January to June 2025 in brief

  • During the period under review, the Group's net revenue totalled EUR 28.3 million (EUR 34.2 million from 1 Jan. to 30 June 2024). The Group's net fee and commission income was EUR 29.4 million (EUR 33.2 million).
  • The Group's operating profit fell by 35% to EUR 11.8 million (EUR 18.1 million).
  • The Group's profit was EUR 9.3 million (EUR 14.3 million).
  • The consolidated earnings per share were EUR 0.22 (EUR 0.35).
  • The net revenue of the Asset Management segment decreased by 5% to EUR 28.6 million (EUR 30.3 million) and the operating profit by 13% to EUR 15.2 million (EUR 17.4 million). The management fees of the Asset Management segment fell by 4% to EUR 26.7 million (EUR 27.9 million) and the performance fees fell by 19% to EUR 2.2 million (EUR 2.7 million). During the review period, the assets managed by eQ Asset Management grew to EUR 13.5 billion (EUR 13.4 billion on 31 Dec. 2024).

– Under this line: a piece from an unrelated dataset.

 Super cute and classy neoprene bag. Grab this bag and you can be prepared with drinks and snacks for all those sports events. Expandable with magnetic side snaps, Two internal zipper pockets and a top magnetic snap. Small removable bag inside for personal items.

  • The net revenue of the Corporate Finance segment was EUR 0.8 million (EUR 2.9 million) and the operating profit was EUR -0.9 million (EUR 1.0 million). It is typical of corporate finance business that success fees have a considerable impact on invoicing, which is why the segment's results may vary considerably.

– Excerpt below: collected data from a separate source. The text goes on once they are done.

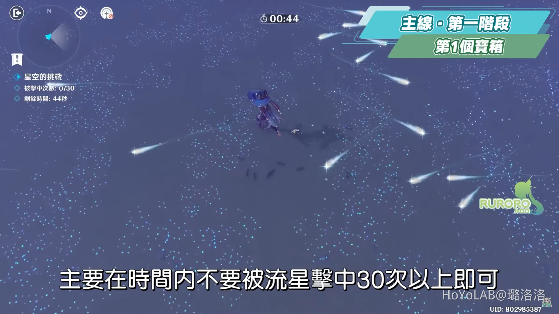 寶箱打開後會出現星星,跟隨星星返回大廳,並進入中央的水池,最後會來到星空的挑戰,主要在時間內不要被流星擊中30次以上即可,成功後後續看完劇情就完成劇情第一階段。
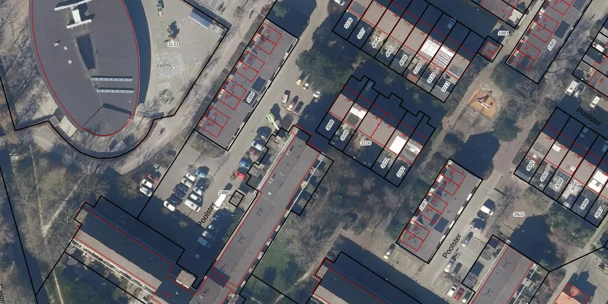 Het perceel waarop Poolster 54 staat heeft een oppervlakte van 2040 m². Dit is een zeer groot perceel. De perceeloppervlakte wordt geregistreerd door het Kadaster. Gedetailleerde informatie over de maten van dit perceel kunt u vinden in het rapport Kadastrale kaart met maatvoering van Poolster 54.
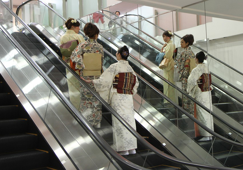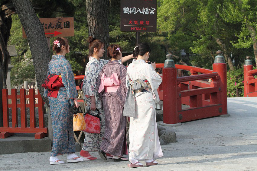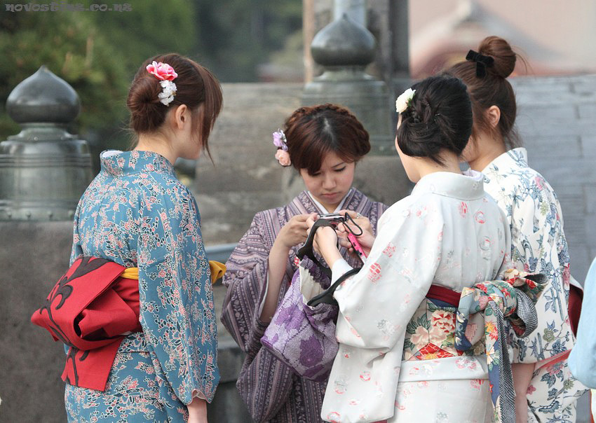 Японские девушки в традиционных национальных костюмах – это нормально для современного Токио.
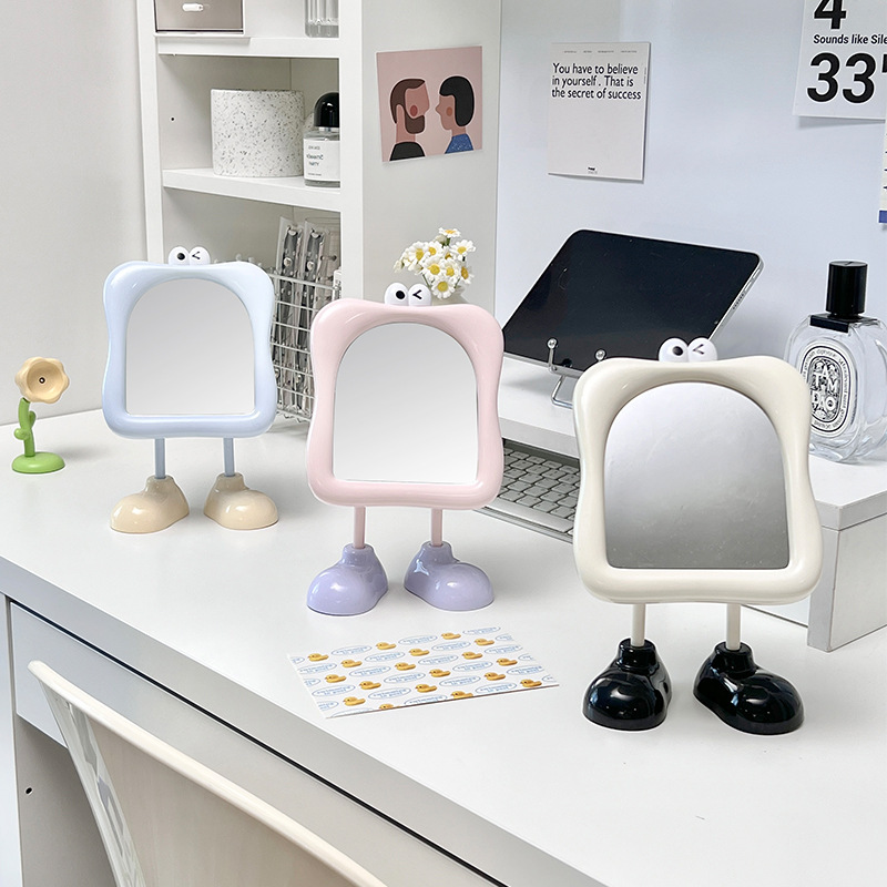 新款卡通大眼仔台镜居家宿舍化妆镜角度可调节桌面不变形小镜子女
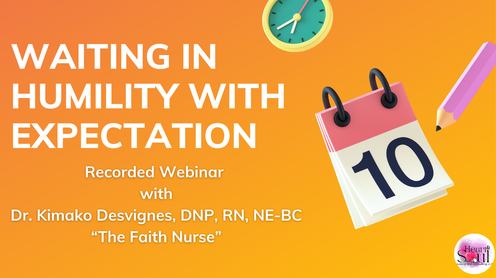 🎥 On-Demand Masterclass — 2+ hours of teaching, scripture, and biblical stories where Dr. Kimako Desvignes, DNP, RN, NE-BC, The Faith Nurse, equips you to wait with humility, expectation, belief, and trust.
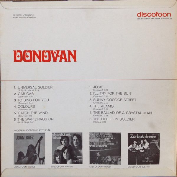 € 7.00 Media: Very Good Plus (VG+)Hoes: Very Good (VG)Donovan – Universal Soldier (LP, Comp, Mono)

  • The operating profit of the Investments segment was EUR -1.3 million (EUR 0.5 million). Operating profit was negatively affected by changes in the value of residential funds and exchange rate fluctuations in USD-denominated investments.
  • The net cash flow from the Group's own private equity and real estate fund investment operations was EUR -0.7 million (EUR -0.1 million).
  • The Board of Directors of eQ Plc appointed Jouko Pölönen as the company's new Chief Executive Officer. Pölönen will begin his post on September 1, 2025.

April to June 2025 in brief

  • In the second quarter, the Group's net revenue totalled EUR 14.3 million (EUR 17.7 million from 1 April to 30 June 2024). The Group's net fee and commission income was EUR 14.9 million (EUR 17.2 million).
  • The Group's operating profit fell by 36% to EUR 6.0 million (EUR 9.3 million). Operating expenses include EUR 0.5 million in non-recurring expenses related to strategic planning and market research for the asset management business.
  • The Group's profit was EUR 4.7 million (EUR 7.4 million).
  • The consolidated earnings per share were EUR 0.11 (EUR 0.18).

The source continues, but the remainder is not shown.